• DATA FOR THIS EXERCISE:
################
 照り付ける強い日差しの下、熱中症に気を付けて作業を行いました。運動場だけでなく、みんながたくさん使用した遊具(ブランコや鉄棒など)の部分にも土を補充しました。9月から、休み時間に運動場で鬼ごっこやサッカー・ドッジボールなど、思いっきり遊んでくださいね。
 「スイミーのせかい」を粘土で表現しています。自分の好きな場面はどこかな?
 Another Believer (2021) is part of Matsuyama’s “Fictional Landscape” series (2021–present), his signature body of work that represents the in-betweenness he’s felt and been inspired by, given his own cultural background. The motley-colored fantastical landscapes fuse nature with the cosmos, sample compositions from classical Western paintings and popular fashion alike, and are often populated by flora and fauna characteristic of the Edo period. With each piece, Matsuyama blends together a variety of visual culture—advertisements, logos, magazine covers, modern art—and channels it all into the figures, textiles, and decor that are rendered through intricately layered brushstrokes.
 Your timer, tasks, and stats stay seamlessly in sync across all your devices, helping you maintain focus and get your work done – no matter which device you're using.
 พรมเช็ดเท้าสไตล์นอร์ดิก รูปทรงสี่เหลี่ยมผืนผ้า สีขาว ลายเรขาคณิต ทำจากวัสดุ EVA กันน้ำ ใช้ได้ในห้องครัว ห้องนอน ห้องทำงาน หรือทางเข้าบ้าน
################
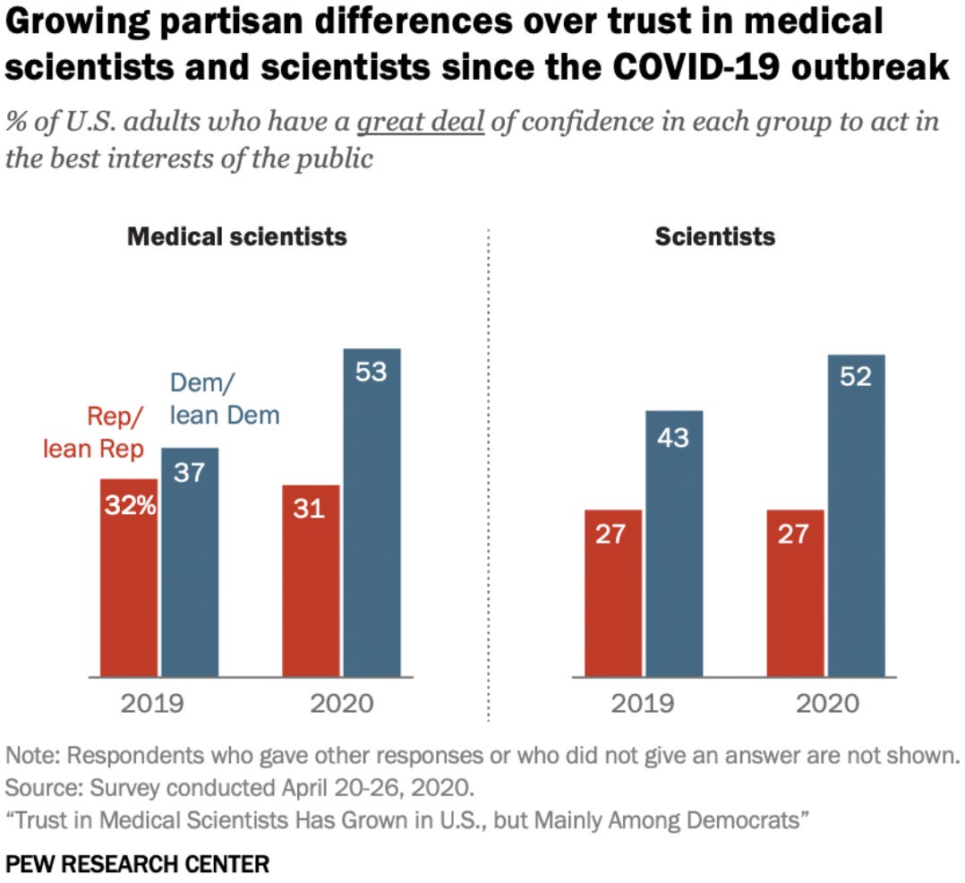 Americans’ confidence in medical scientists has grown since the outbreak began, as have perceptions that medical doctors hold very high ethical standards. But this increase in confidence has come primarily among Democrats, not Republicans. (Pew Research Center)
################
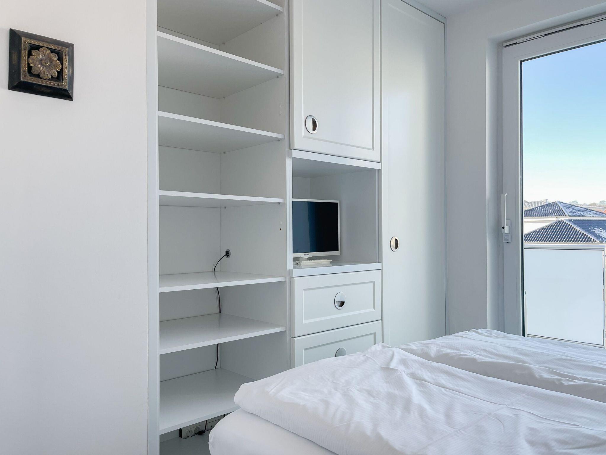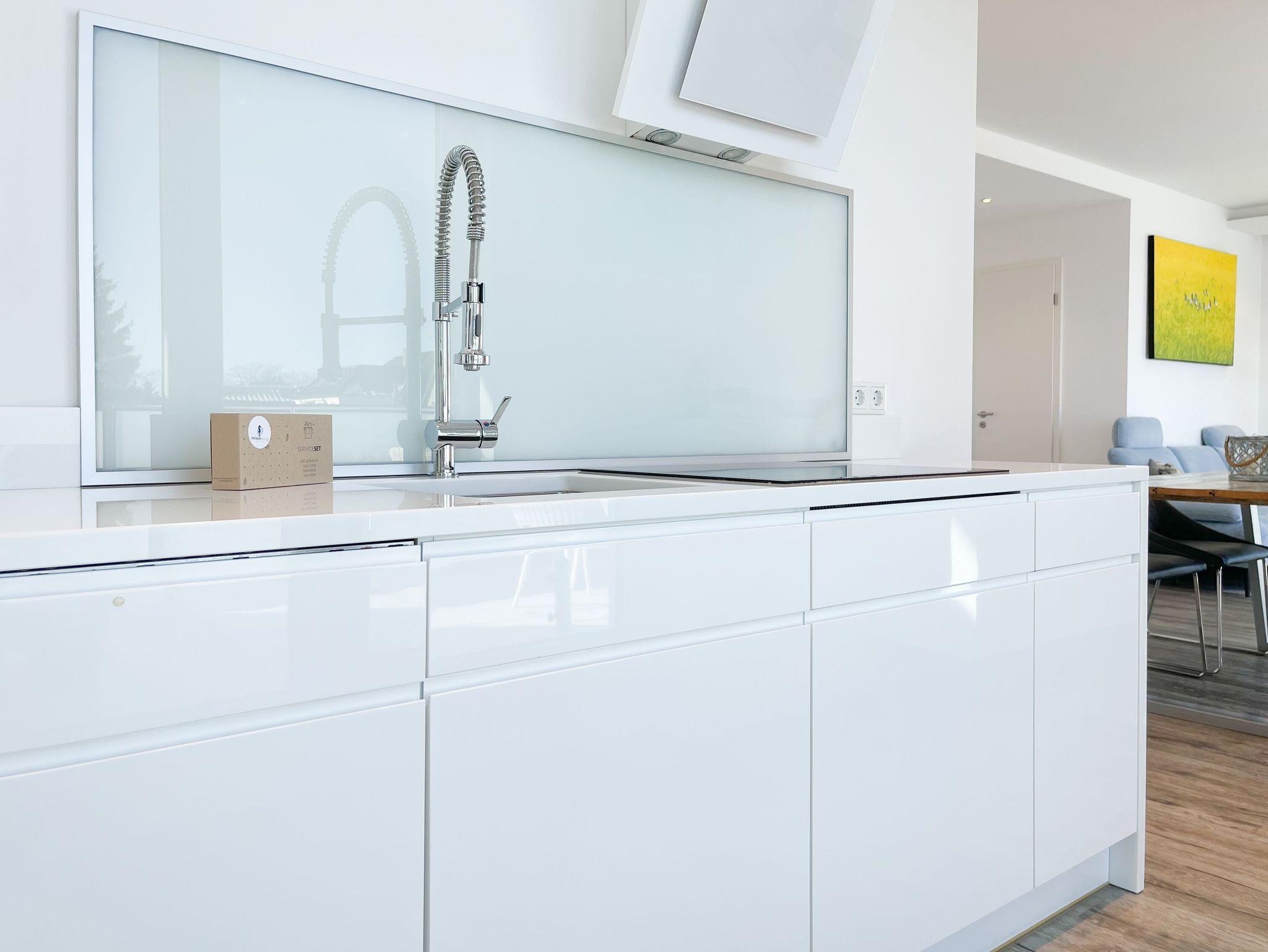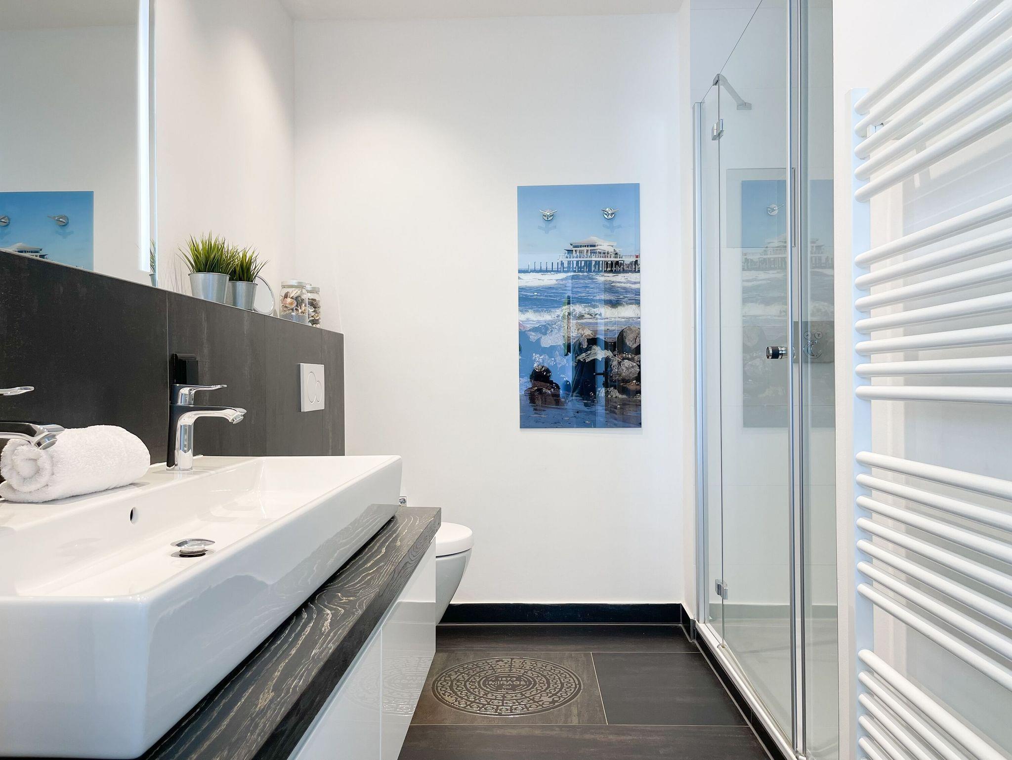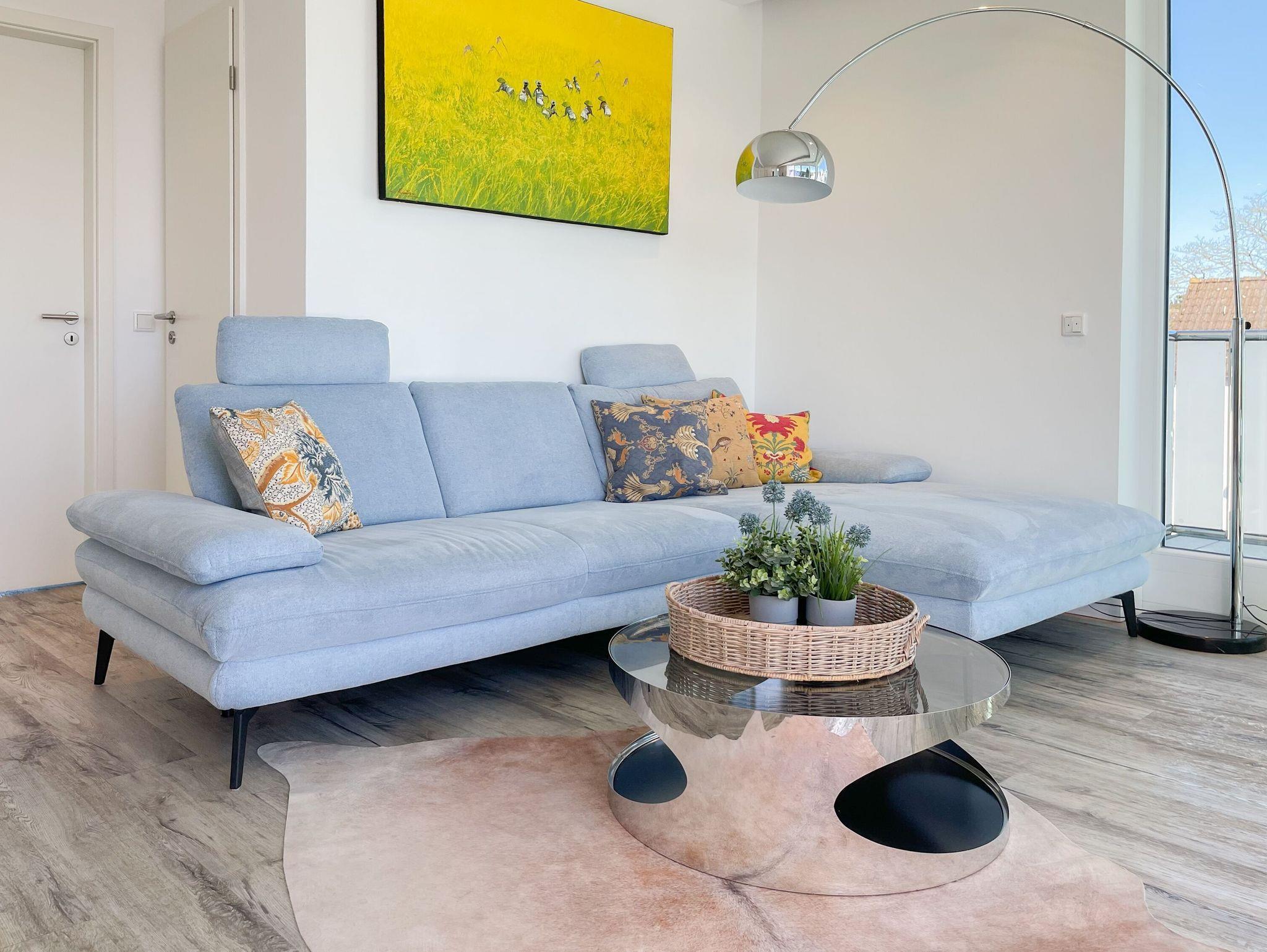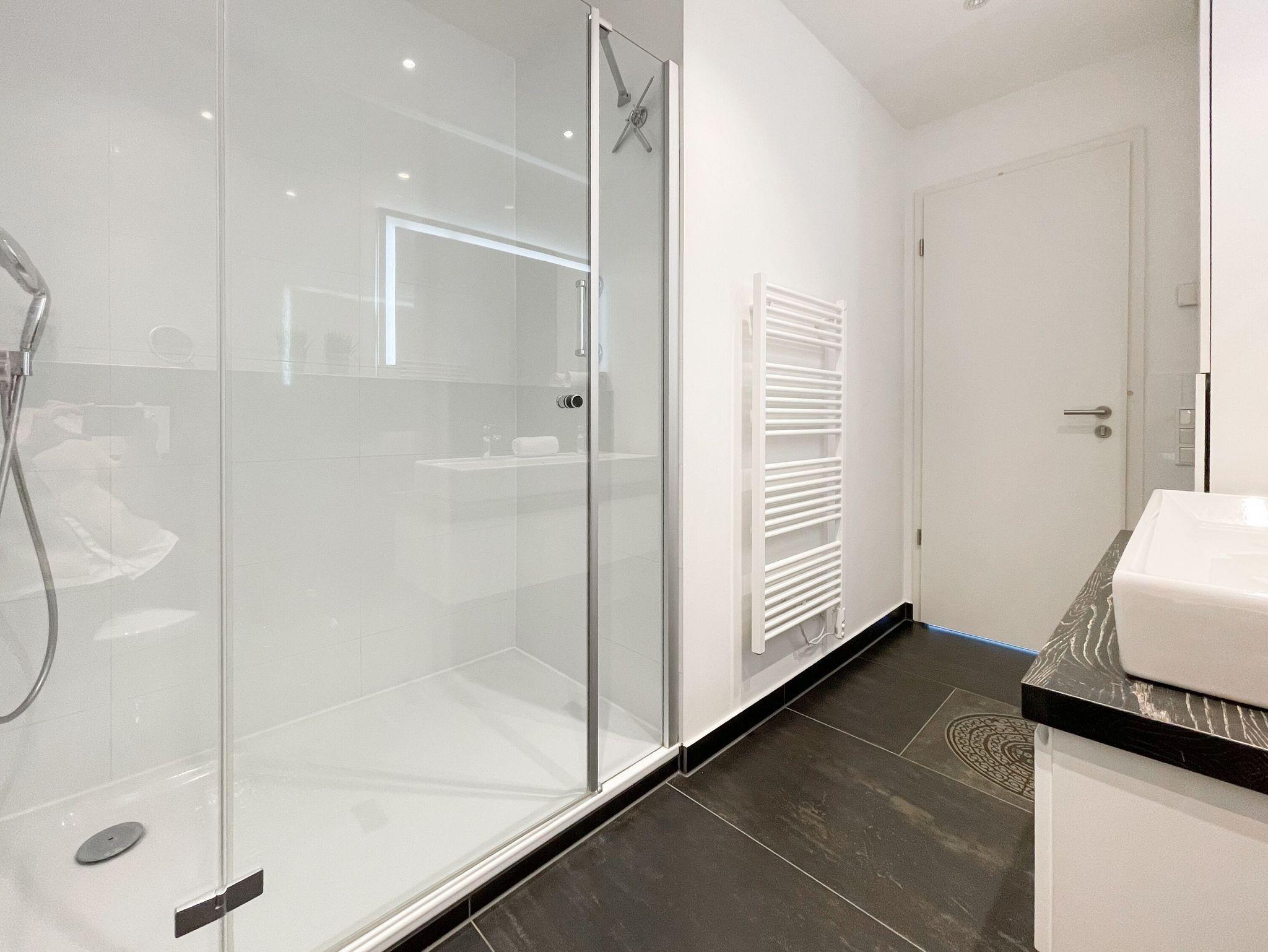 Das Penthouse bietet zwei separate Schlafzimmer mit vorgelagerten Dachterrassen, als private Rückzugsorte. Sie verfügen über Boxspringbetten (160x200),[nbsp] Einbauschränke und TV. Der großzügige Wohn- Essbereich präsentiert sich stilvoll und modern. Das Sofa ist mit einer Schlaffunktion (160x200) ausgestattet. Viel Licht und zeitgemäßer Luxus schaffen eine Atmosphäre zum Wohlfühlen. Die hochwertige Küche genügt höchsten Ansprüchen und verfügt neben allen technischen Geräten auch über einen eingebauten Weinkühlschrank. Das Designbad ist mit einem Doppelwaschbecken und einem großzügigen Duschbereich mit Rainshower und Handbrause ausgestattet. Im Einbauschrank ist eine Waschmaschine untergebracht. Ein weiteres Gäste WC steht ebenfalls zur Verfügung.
################
• GOAL OF THE EXERCISE:
Using the listing above, pull out all lines that hold the word "work".

• RESULT OF THIS EXERCISE:
 Another Believer (2021) is part of Matsuyama’s “Fictional Landscape” series (2021–present), his signature body of work that represents the in-betweenness he’s felt and been inspired by, given his own cultural background. The motley-colored fantastical landscapes fuse nature with the cosmos, sample compositions from classical Western paintings and popular fashion alike, and are often populated by flora and fauna characteristic of the Edo period. With each piece, Matsuyama blends together a variety of visual culture—advertisements, logos, magazine covers, modern art—and channels it all into the figures, textiles, and decor that are rendered through intricately layered brushstrokes.
 Your timer, tasks, and stats stay seamlessly in sync across all your devices, helping you maintain focus and get your work done – no matter which device you're using.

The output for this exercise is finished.